Yeah no I was thnking of doing the same kind of fix I did in Tof.

Yes, I understood now. But I think that this still ultimately leads to more allocated dim labels. Not 2^16 but still more than needed.

I like the approach to store and reuse all the uuids, but maybe that is just because I had the same idea. 😬

Can we document and make this part of the public API? Downstream packages may want to and should use this, if we put in the effort to have a proven and tested solution.

This breaks an import cycle.

nvaytet · 2025-08-20T09:41:48Z

src/scipp/core/dimensions.py

Can you make a few unit tests (e.g. that it works with scalar, Variable, and DataArray)?

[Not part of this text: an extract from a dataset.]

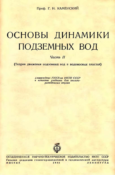 В книге профессора Каменского Г. Н. «Динамика подземных вод», ч. II кроме изложения основных законов подземных вод много внимания уделяется движению подземных вод в неоднородных пластах, что отвечает обычно существующим гидрогеологическим условиям. Эта книга резко отличается от существующей литературы по динамике подземных вод, исходящей из искусственного представления об однородном строении водоносных пород. Кроме изложения теории автор приводит многочисленные практические примеры и задачи из практики строительства в СССР, что делает книгу особенно ценной. Предназначенная в первую очередь восполнить пробел в существующей учебной литературе по гидрогеологии для соответствующих специальностей втузов, книга безусловно будет полезна всем специалистам, в своей работе имеющим дело с явлениями динамики подземных вод.

SimonHeybrock · 2025-08-20T10:01:16Z

Include new_dim_for in the API docs?

SimonHeybrock · 2025-08-20T11:08:31Z

src/scipp/core/dimensions.py

+    """Return a dimension label that is not in the input's dimensions.
+
+    The returned label is intended for temporarily reshaping an array and should
+    not become visible to users.
+    The label is guaranteed to not be present in the input, but it may be used in
+    other variables.


Maybe we should explain here why using uuid or other generated labels is problematic, i.e., why one should use this function?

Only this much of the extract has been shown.